An entree of swordfish with lobster and béarnaise was intensely rich and overwhelming. There’s one thing you can’t accuse Maxim Prime of, and that’s skimping on the goods – the dish was covered in lobster meat. A side of fries looked cute with lobster claws poking out, but the addition of lobster meat and sauce to the mix made for flaccid fries. It’s one thing to sog up your own fries in goop; it’s another thing when it’s done for you.

Corn-fed “all natural” steaks satisfy a manly appetite, but don’t do much for a refined palate. Big, rich sides such as creamed spinach and creamed truffled corn do the same. They’re fine, but not fresh or exceptional.

The wine list accurately reveals Maxim Prime’s main flaw. Markups are outrageous, and there’s nothing much between pedestrian and hugely expensive. It’s a list that jumps from Kendall Jackson to Opus One in a few bottles, with an emphasis on name recognition and nothing under $40. It’s wine to drink if you’re not into wine, and wine to boast about.
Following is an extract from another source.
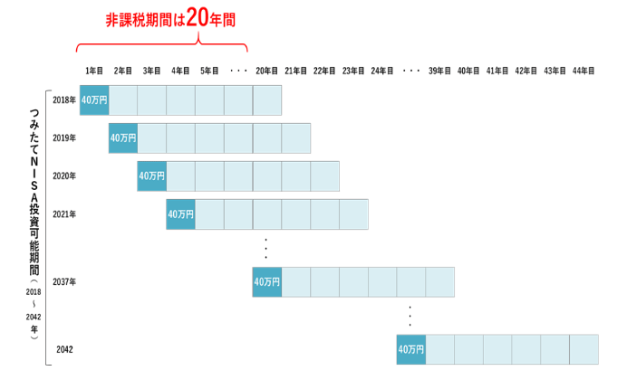 つみたてNISAの非課税期間は20年間のため、今年つみたてNISAで購入した投資商品は2042年末まで非課税で運用可能です。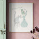 Diese stilvolle Wandkunst zeigt eine hübsche Abbildung einer grauen Katze, die neben einer aquamarinen grünen Vase mit Blumen und Botanikalen stehend ist. Personalisieren Sie es mit Ihrem Namen in handgeschriebener Skripttypografie. Gutes Geschenk für Katzenliebhaber.

Maxim obviously wants to forward its brand, but it would do well to employ more of the intelligence in its dining ventures that has made the magazine so successful. I’m sure some Maxim readers are men’s men with a disposable income who just want to impress their dates with a show of lobster and truffle and Opus One. But some of us are fans of substance – we read it for the articles, I swear.